Under this commercial program, NASA designed nothing, and the rockets and spaceships it is buying are owned entirely by the private companies, built not only to serve NASA's needs but also as products the companies can sell to others for profit. (SpaceX's announcement on February 27 that they plan to send two paying tourists around the Moon by 2018 is a perfect example of this.)
A comparison of these two approaches, as shown in the table below, is quite striking and provides all the information that President Trump needs to set future American space policy. The comparison also proves that the old way of doing business, a big government-built centralized space program, is simply not a viable approach.
flight flight development total
Program capsules rockets time cost
Ares/SLS/Orion 3 2 15-17 years $43 billion
space 42 42 5-9 years $12 billion
Essentially, commercial space is building more than ten times the number of capsules and rockets in about half the time for about 25% of the cost.

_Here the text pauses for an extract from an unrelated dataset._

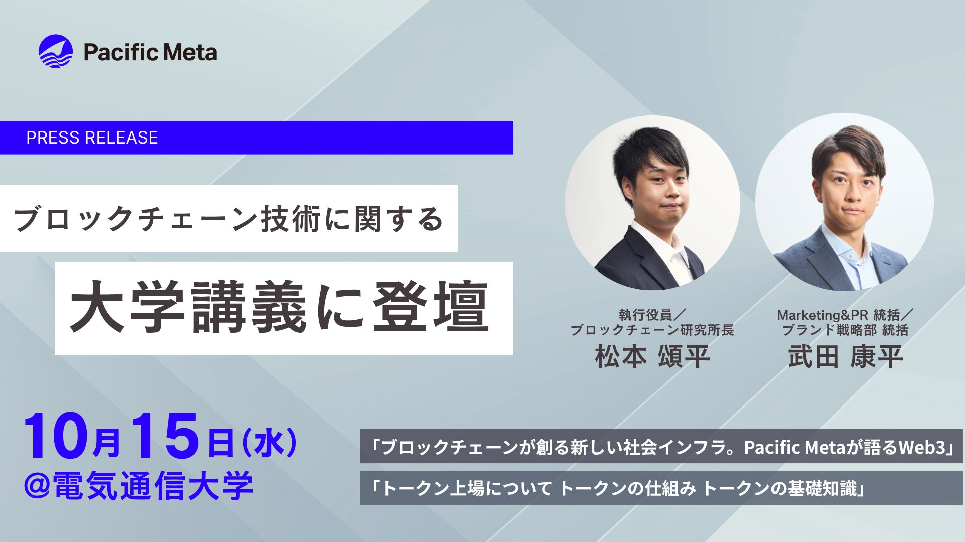 2025年10月15日(水)、株式会社Pacific Meta(本社:東京都渋谷区、代表取締役:岩崎 翔太)は、電気通信大学にてブロックチェーン・Web3分野に関する特別講義を実施します。

Why has private commercial space been so much more productive?
Obviously, the goals for Ares/SLS/Orion are far more ambitious, and therefore more difficult and expensive. Still, the Apollo capsule and the Saturn V rocket had similar goals, and it took NASA about half as long to build each. The 1960s space program cost more, but it had never been built before, and the cost included the entire program and all infrastructure. The cost of Ares/SLS/Orion only includes the first launch, and practically none of the necessary infrastructure.

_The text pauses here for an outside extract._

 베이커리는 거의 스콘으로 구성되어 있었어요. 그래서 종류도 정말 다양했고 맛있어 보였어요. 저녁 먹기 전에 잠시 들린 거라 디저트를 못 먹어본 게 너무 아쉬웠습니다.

Other factors must explain why Ares/SLS/Orion has been so ineffective.
First, NASA's contractual approach for these two programs is very different. The commercial contracts are simpler and fixed price, with payments only made when companies reached specific milestones. This encourages fast and efficient construction, because any delays or cost increases are the responsibility of the companies.
For Ares/SLS/Orion, NASA used its traditional and complicated cost-plus contract, where NASA picks up the tab should there be any delays or cost overruns. Thus, the companies involved have had no incentive to save money or time.
Second, because NASA did no design work for the commercial contracts, its overhead was relatively low, somewhere between 5% to 34% of the program's total cost. With Ares/SLS/Orion, however, overhead costs ranged from 56% to 72%. Essentially the government paid twice for Ares/SLS/Orion, once when NASA's labor force designed it, and then again when the agency hired contractors to do the work.
Finally, and most important, the private companies OWN their rockets and COMPETE to sell them. With Ares/SLS/Orion, ownership resides solely with NASA, which is focused on political goals unconnected to profit or cost savings.
With the commercial program, ownership forces efficiency and innovation. SpaceX for example built the Falcon 9 rocket to launch its cargo capsule, but they also built it to grab market share in the global satellite industry. To make sure their launch prices were low enough to attract customers, SpaceX had to design the rocket quickly, simply, and with cost in mind.